1) Data:
Mass of metal: 150.0 g
Initial temperature of metal: 75.08 °C
Specific heat: Cs
Mass of water: 150.0 g
Initial temperature of water: 15.08°C
Final temperaute: 18.38°C
2) Analysis:
- The final temperature of the system (metal/water), when the equilibrium is reached, is uniform = 18.38°C
- The heat gain by the waer is equal to the heat lost by the metal.

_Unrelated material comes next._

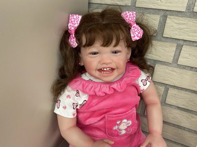 Detalles del productoPreciosa bebé reborn con sus dientecitos lo que hace su sonrisa súper real y Preciosa,pintada con pintura génesis marcando sus rojeces y venas cabeza y extremidades de vinilo ,cuerpo de tela mide 55 centímetros y pesa alrededor de los 3 kilos es súper bonita y graciosa se envía con caja pañal turbante pañal y un body y su certificado de nacimiento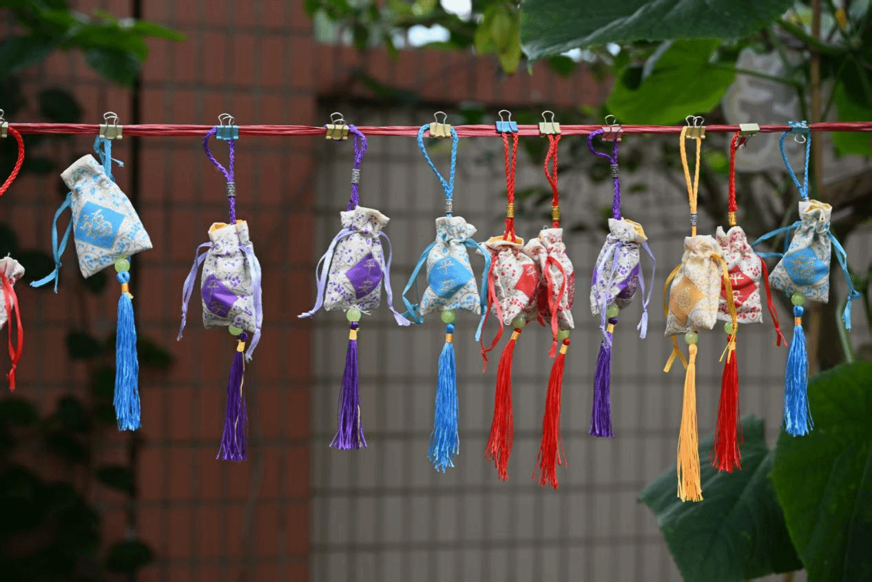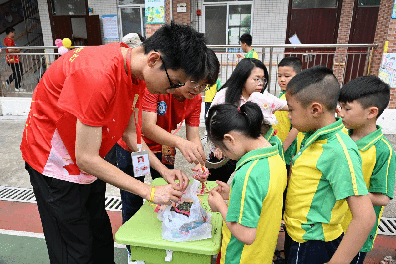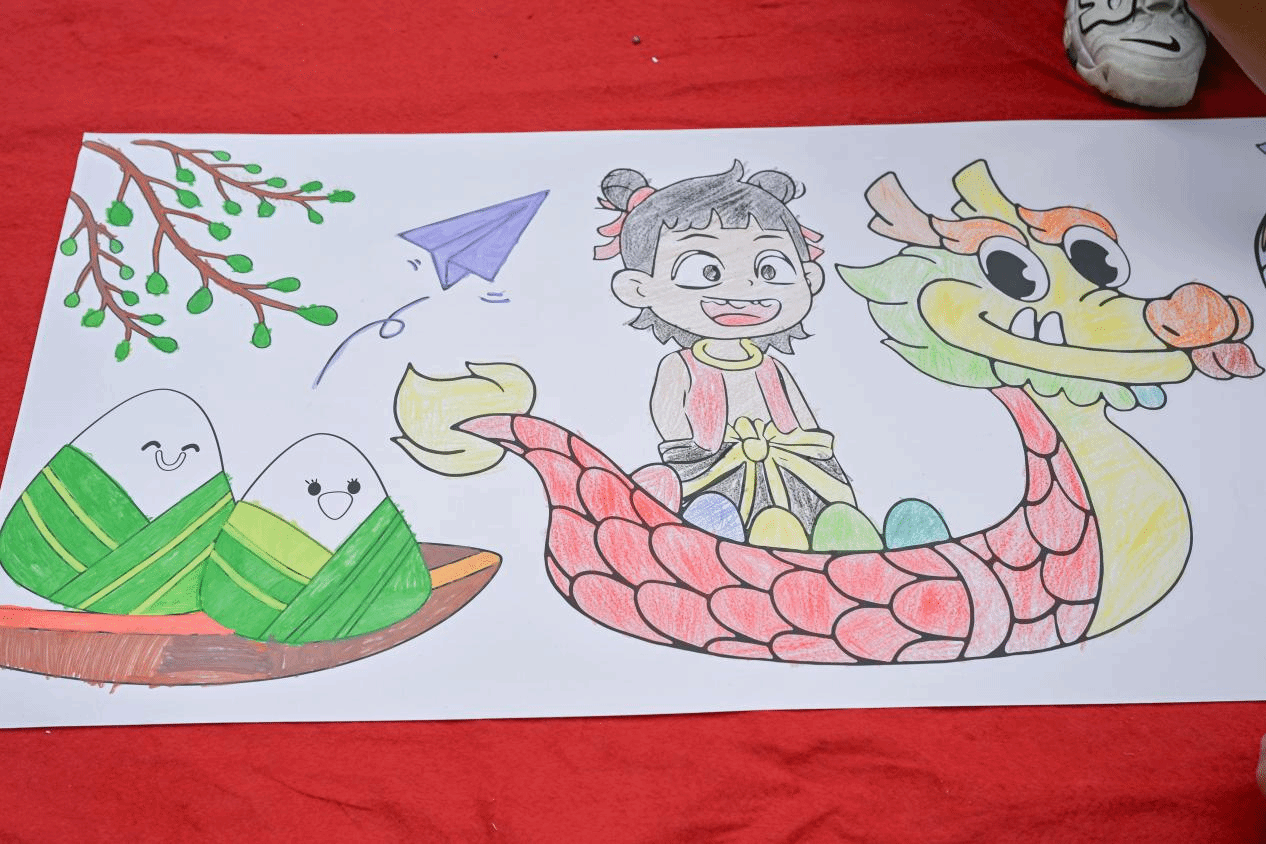 活动中,孩子们在志愿者的陪伴下,用彩笔绘制心中的端午节,让五彩斑斓的龙舟和粽子跃然纸上。随后,志愿者们手把手教孩子们缝制艾草香囊,在志愿者的耐心指导下,他们一针一线地缝制着香囊,不仅体会到传统手工艺的魅力,还在淡淡的艾香中感受到端午驱邪祈福的文化内涵。接着,志愿者们通过趣味游戏的形式,让孩子们用套圈赢取可爱的粽子玩偶,现场欢声笑语不断,气氛热烈。最后,在启智公司的组织下,志愿者们协助开展了创意的“旱地龙舟赛”。孩子们分组协助竞赛,在欢乐中收获友谊,体验到团队协作的乐趣。

- The specific heat of water is 1.00 cal / g °C
3) Fórmulas
Heat lost or gained = mass * Cs * ΔT
4) Solution
Heat gained by the water = 150.0 g * 1 cal / g °C * [18.38 - 15.08]°C
Heat lost by the metal = 150.0 g * Cs * [75.08 - 18.38]°C
Heat gained by the water = heat gained by the metal
150.0 g * 1 cal / g °C * [18.38 - 15.08]°C = 150.0 g * Cs * [75.08 - 18.38]°C
[18.38 - 15.08] cal /g °C = Cs [75.08 - 18.38]
Cs = 3.3 / 56.7 = 0.058 Cal / g °C <------ answer
You can pass that to joules / g °C in case you need in that SI unit.